Deep Learning for Perception
Georgia Tech, Spring 2015

Note: For Spring 2016 semester see here. Scroll below to see 2015 version of the course.

Course: CS 8803DL

Instructor: Dr. Zsolt Kira

Location: Klaus 2456

Day/Time: MWF 2-3pm

TA: Daehyung Park

Updates

April 13, 2015: Project description and grading rubric up.

April 10, 2015: Instructions for installing Theano without root (useful for cluster). Thanks Payam!

March 13, 2015: Project information up for mid-term project presentations/writeups (see What is Required => Midterm Progress section)

March 10, 2015: Questions for the write-up for this week’s readings (Week 10) are up: Reading Questions. These are due by 2pm on Friday (Mar 13, 2015), to be submitted via t-square.

March 2, 2015: CUDA installation instructions (for use with Caffe), courtesy of Chris Chow

Feb 27, 2015: List of most commonly used deep learning software packages

Jan 30,2015: Project proposal presentations/writeups moved to February 9th

Jan 22, 2015: Instructions for installing Caffe, and a simple modified example python script (tested on latest Ubuntu 14)

Jan 19, 2015: Project information up.

Course Description and Goals

This course will cover deep learning and its applications to perception in many modalities, focusing on those relevant for robotics (images, videos, and audio).

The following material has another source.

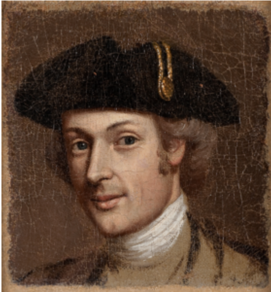
1. Charles Willson Peale, Self-Portrait , 1777-78, oil on canvas, 13X12.5 inches.

Published papers are an invaluable resource for historians and the public alike. But it is sometimes useful and often necessary for historians to return to the archives to consult the original documents because editors can exclude material, and archivists, researchers, and the original owners can jumble the order of things. I was reminded of this necessity three years ago when, as a consulting historian, I accepted a project to help research a new exhibit on the Ten Crucial Days Campaign of the winter of 1776-1777 for the Museum of the American Revolution, which opened in Philadelphia in April 2017. One element of my project seemed easy enough: discuss the civilian lives of a company of Philadelphia militia who participated in the Ten Crucial Days Campaign. We needed to know who they were, where they lived, what they did for work, and why they became revolutionaries. These questions complicated what I originally thought was a simple task.
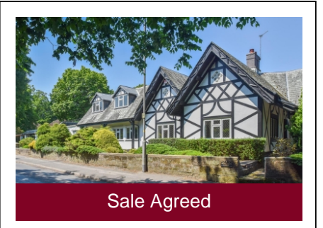
Woodhouse Lodge, Wood Road, Tettenhall Wood

Deep learning is a sub-field of machine learning that deals with learning hierarchical features representations in a data-driven manner, representing the input data in increasing levels of abstraction. This removes the need to hand-design features when applying machine learning to different modalities or problems. It has recently gained significant traction and media coverage due to its state-of-the-art performance in tasks such as object detection in computer vision (see ILSVRC2013 and 2014 as an example), terrain estimation for navigation in robotics, natural language processing, and others.

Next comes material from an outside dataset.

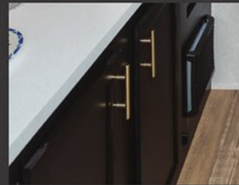
Solid Wood Cabinet Doors
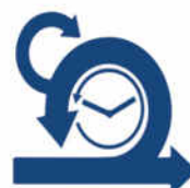
Agile & SCRUM

The course will cover the fundamental theory behind these techniques, with topics ranging from sparse coding/filtering, autoencoders, convolutional neural networks, and deep belief nets. We will cover both supervised and unsupervised variants of these algorithms, and motivate them by showing real-world examples in perception-related tasks, including computer vision (object recognition/classification, activity recognition, etc.), perception for robotics (obstacle avoidance, grasping), and more. We will discuss some of the previous state-of-the-art methods and how they relate to the deep learning algorithms that have recently replaced them. The principles will also be related to neuroscience and other fields to facilitate a discussion about what these new advancement mean for understanding intelligence more generally as well limitations and open problems. The course will involve a project where students will be able to take relevant research problems in their particular field, apply the techniques and principles learned in the course to develop an approach, and implement it to investigate how these techniques are applicable. Results of the project will be presented at the end of the semester to fellow students to convey what was learned, what results were achieved, and future open research areas

Learning Outcomes

This course has several learning outcomes. By the end of the course, students will be able to:

Describe the fundamental advancements made in deep learning in the past 5 years and explain why they have led to a small revolution in the field of machine learning and perception in multiple modalities
Describe how these techniques relate to previous methods that were state of the art, for example typical computer vision pipelines
Categorize, compare, and contrast various deep learning algorithms and explain which are better suited for particular types of real-world data or problems than others
Read and understand research papers in the area and be able to identify the key claims and ideas within them
Discuss how these techniques relate to our understanding of intelligence and other fields such as neuroscience that explore these topics as they occur in nature
Design and carry out a project within their area of interest, apply the learned techniques to new types of data within this area, and analyze the performance of the algorithms within it

Prerequisites

This is a graduate class. The course will cover advanced machine learning topics, as related to perception, so a prior introductory machine learning, artificial intelligence, computer vision, or pattern recognition course is recommended. Strong math skills especially linear algebra, will be essential to understanding many of these techniques. Since deep learning is new (or rather, has become mainstream recently), there is no book available yet; so, the course readings will be tutorials and conference/journal papers, many of which are from machine learning conferences such as NIPS/ICML. Being able to read, analyze, and hopefully critique such research papers is therefore crucial!

Course Material

There is no textbook currently published, but we may refer to the in-progress book by Bengio et al.. The rest of the course material will be publicly available publications, or when necessary distributed material for tutorials that are not publicly accessible.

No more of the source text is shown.